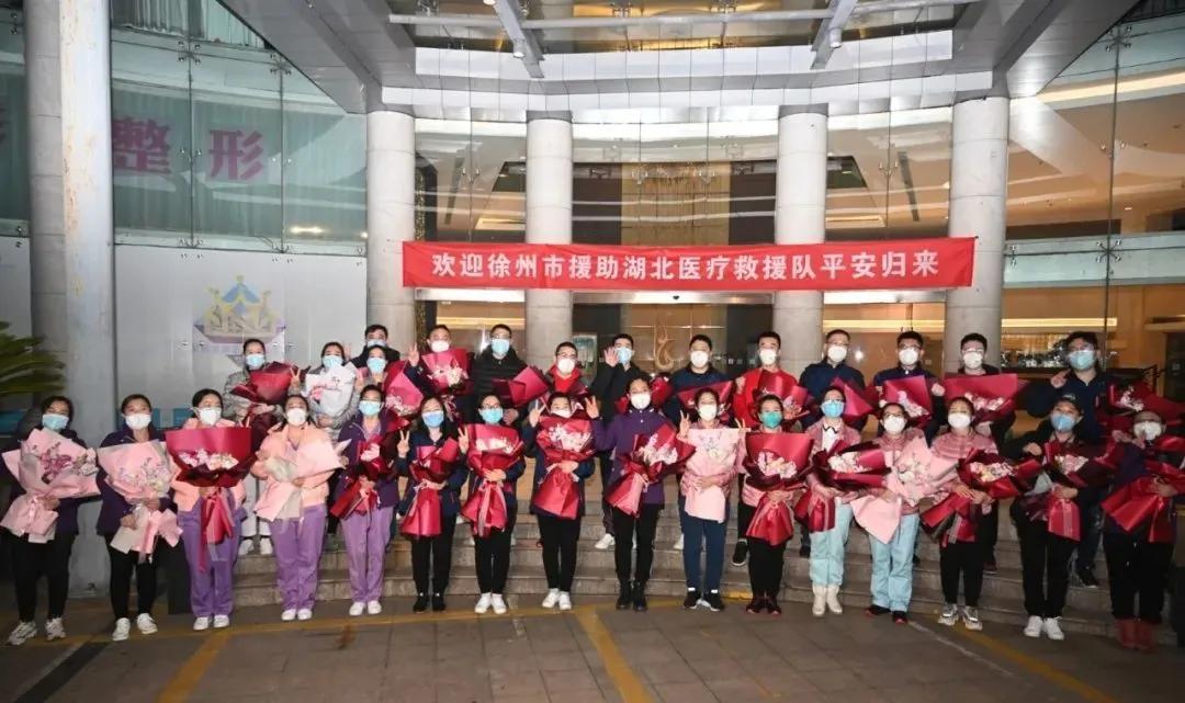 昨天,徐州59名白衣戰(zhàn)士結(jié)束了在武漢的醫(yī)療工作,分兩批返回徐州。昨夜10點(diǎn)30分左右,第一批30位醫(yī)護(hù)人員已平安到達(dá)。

* * *

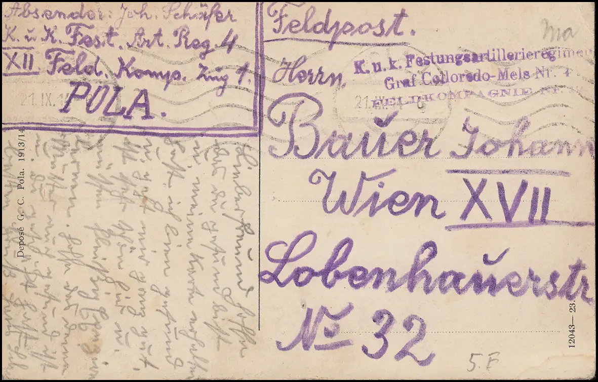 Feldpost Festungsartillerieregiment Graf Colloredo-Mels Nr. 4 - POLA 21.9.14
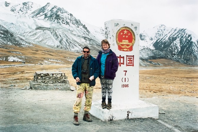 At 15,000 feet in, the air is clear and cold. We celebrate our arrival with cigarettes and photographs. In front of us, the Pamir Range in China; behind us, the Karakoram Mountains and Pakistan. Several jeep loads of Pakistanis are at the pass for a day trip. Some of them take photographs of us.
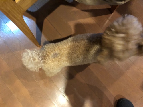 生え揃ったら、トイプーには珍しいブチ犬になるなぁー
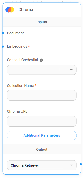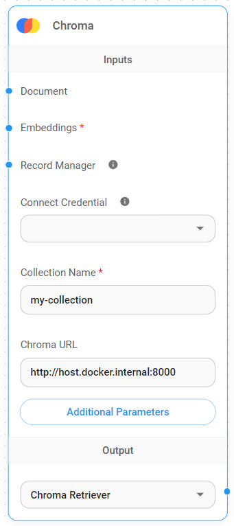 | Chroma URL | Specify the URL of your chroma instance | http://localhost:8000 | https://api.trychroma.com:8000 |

> Task directions: From the records above, quote word for word only the lines beginning at the line that has "Feldpost Festungsartillerieregiment Graf" and stopping after the line that has "http://localhost:8000 | https://api.trychroma.com:8000 |". Omit the pictures.

> Response to this exercise:
 Feldpost Festungsartillerieregiment Graf Colloredo-Mels Nr. 4 - POLA 21.9.14
 At 15,000 feet in, the air is clear and cold. We celebrate our arrival with cigarettes and photographs. In front of us, the Pamir Range in China; behind us, the Karakoram Mountains and Pakistan. Several jeep loads of Pakistanis are at the pass for a day trip. Some of them take photographs of us.
 生え揃ったら、トイプーには珍しいブチ犬になるなぁー
 | Chroma URL | Specify the URL of your chroma instance | http://localhost:8000 | https://api.trychroma.com:8000 |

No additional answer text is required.